My mother’s eyes go dark with anger. “If Zeus has poisoned you again…if he has poisoned your mind—”
“He hasn’t,” I say quickly, then reach for her hands once again.
She’s distraught and on edge. The trauma clouds her judgment.
“Mother, he has not. But he did. He poisoned me. He tried to take my powers from me and make me into a mortal. That was not because of Hades. If it is anyone’s fault that I was in that position, it was Zeus’s. ”
“Then it is Zeus who should pay for what he has done!” My mother tries to stand, but I keep her with me. “It is Zeus who should suffer my wrath.”
“He has power over this realm, and the gods and goddesses here. He has power over the mortal realm as well. He is god of the gods. But he did not destroy me and he cannot. He will not and he should know that now.”
My mother softens, reaching out to stroke my hair. “Because you were born with such powers, Persephone. Because of the prophecy.” My mother purses her lips. “That he would be eclipsed by one of his children. That they would grow stronger.”
This realization seems to make time stop.
Even my heart pauses beating. Fear? My father poisoned me out of fear of my powers?
As if I would use them against him! I would never have done such a thing.
I had no reason to think I was in danger on Olympus.
I thought he would be disappointed to learn that I could not find the powers that had been foretold. I thought he would want more for me.
His fault is his ego. It always has been and always will be.
The realms will never be the same to me now. I saw my father as powerful, and he does indeed have power over the gods and goddesses of Olympus and over the mortals.
His powers have not protected him from his fears. He thinks one of his children will surpass him, and he cannot stand the thought.
It made him poison me.
The rage I thought I let go emerges once again, but I breathe deeply for the sake of my mother. “I am not his only child.”
This, too, makes everything look different in my memory.
I think of Athena saying he only tries to kill his favorites to my mother and wonder how many times he has plotted against his children.
If he plots against all of us.
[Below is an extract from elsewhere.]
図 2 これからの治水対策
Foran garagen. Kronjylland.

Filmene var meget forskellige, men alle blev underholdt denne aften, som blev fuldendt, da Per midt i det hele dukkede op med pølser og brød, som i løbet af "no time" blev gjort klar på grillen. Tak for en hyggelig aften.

If he fears all of us because we might one day discover that we have powers he cannot dream of.
For how could he dream of something new when he spends all his time watching to see if one of his children is stronger?
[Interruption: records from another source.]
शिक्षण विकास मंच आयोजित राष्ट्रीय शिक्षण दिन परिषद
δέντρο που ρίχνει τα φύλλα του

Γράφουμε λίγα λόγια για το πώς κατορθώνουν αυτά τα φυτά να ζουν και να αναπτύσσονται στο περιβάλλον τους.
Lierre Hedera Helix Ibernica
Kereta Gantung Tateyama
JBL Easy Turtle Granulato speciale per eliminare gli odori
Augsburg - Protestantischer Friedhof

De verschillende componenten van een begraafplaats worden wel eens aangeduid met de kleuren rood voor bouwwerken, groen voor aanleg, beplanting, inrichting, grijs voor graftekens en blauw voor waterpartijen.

I am stronger. I have never poisoned someone innocent out of fear. I never would. I have surpassed him already. If Zeus stood in the courts, I would suffer great difficulty sentencing him.
“But you are one of the most powerful,” my mother says, and drops her hands back to me. “You are my daughter, Persephone. And whether you have powers or not—”
“I have them. I found them.”
“I know it. But they are not the most important part of you. I would fight for you if you were a mere mortal. I will fight for you no matter what.” The softness disappears from her face, replaced by determination.
“If what you desire is to dwell in the Underworld, then I cannot prevent you from going there. But if you are away from me where I cannot reach you, there will be consequences. My grief will be felt and I cannot help it, my child. In the times you are away from me, the mortal realm will feel the loss. I cannot and will not change that for that loss is too real and too significant to be ignored.”